The cornfield slapped me in the face again today — quite literally. A gust of wind, leaves across my cheek, hair tangled everywhere. And instead of swearing or storming through, I laughed.
It struck me how much midlife can feel exactly like that: unexpected, messy, even a little ridiculous. We spend so long trying to hold everything together, to control the way things look, to present a polished version of ourselves. And then suddenly, life reminds us — we're not actually in control.
But maybe that's the gift. Maybe being "slapped awake" is exactly what we need sometimes. Not as punishment, but as a reminder that we are still alive, still becoming, still allowed to laugh when it's all a bit chaotic.
Reflection for you: Where could you soften your grip today? Where could you allow the chaos to be funny, instead of something to fix?
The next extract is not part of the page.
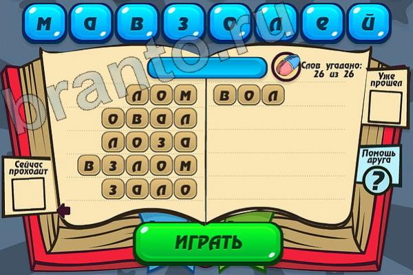 Какие 26 слов можно составить из слова "МАВЗОЛЕЙ"? Мастер слова: ответ на Уровень 119

There's a bench I return to often. It isn't particularly beautiful - a simple wrought iron bench in the garden - but for me it became a sanctuary. It is my podcast and pondering bench.
It was on that bench that I realised I wasn't failing.
I was unravelling.
After thirty-four years of striving, pushing, measuring my worth in productivity and titles, I thought stopping meant I had broken something. But as I sat there in the stillness, I realised it wasn't failure at all. It was freedom. The layers of expectation, identity, and conditioning were peeling away, and beneath them... there I was.
We don't talk enough about how sacred unraveling can be. How it's not the end of us, but the beginning of something more true.
Reflection for you: When was the last time you gave yourself permission to stop and sit — long enough to hear what your soul was trying to say?

This morning, I walked out into the world with messy hair, no make-up, and not a single apology.
That might sound small. But for someone who spent decades trying to look "together," it felt like rebellion. For years, I believed my belonging came from how well I could present myself: tidy, efficient, polished, acceptable.
But the older I get, the more I realise that freedom doesn't come from polish. It comes from presence. It comes from feeling utterly at home in your own skin exactly as you are (and accepting you have wild hair!) - you do not need to give in to how you think the world needs you to be.
And when I stop performing, something else emerges: a wildness. A radiance that isn't about looks at all, but about honesty.
Reflection for you: What's one small way you could let yourself be seen today — without filtering, polishing, or explaining?

In my journal today, I wrote just one line:
"Where am I giving away energy I don't have?"
That was enough. One question. One pause.
Because the truth is, sometimes reflection isn't about filling page after page. It's about holding up a mirror long enough to catch your own eye and tell yourself the truth.
I realised I've been saying yes too quickly. I've been giving away energy I don't have — and then wondering why I'm so tired, so restless, so quick to judge myself.
Midlife has taught me this: power often returns in the smallest pauses. In the moments when we ask ourselves an honest question, and then give ourselves the grace to sit with the answer.
Reflection for you: What's one small pause you could take today to call your energy back to yourself?

I tried meditation this morning. Lasted 45 seconds before I found myself making a mental shopping list, simple things ...mum's birthday is coming up, I need to take the meter readings, have we got stock cubes?
Did I return that call yesterday? Old me would have rolled her eyes, called it failure, and written off the whole practice.
But here's what I know now: 45 seconds of presence is still 45 seconds of presence. And that is enough.
Midlife has shown me that becoming isn't about perfection. It's not about finally "getting it right." It's about learning to show up, even imperfectly. To keep choosing yourself, even in tiny increments.
Every pause counts. Every attempt matters. Every small step is a return to yourself.
Reflection for you: Where are you dismissing your own progress because it feels "too small"? What if you decided it was more than enough?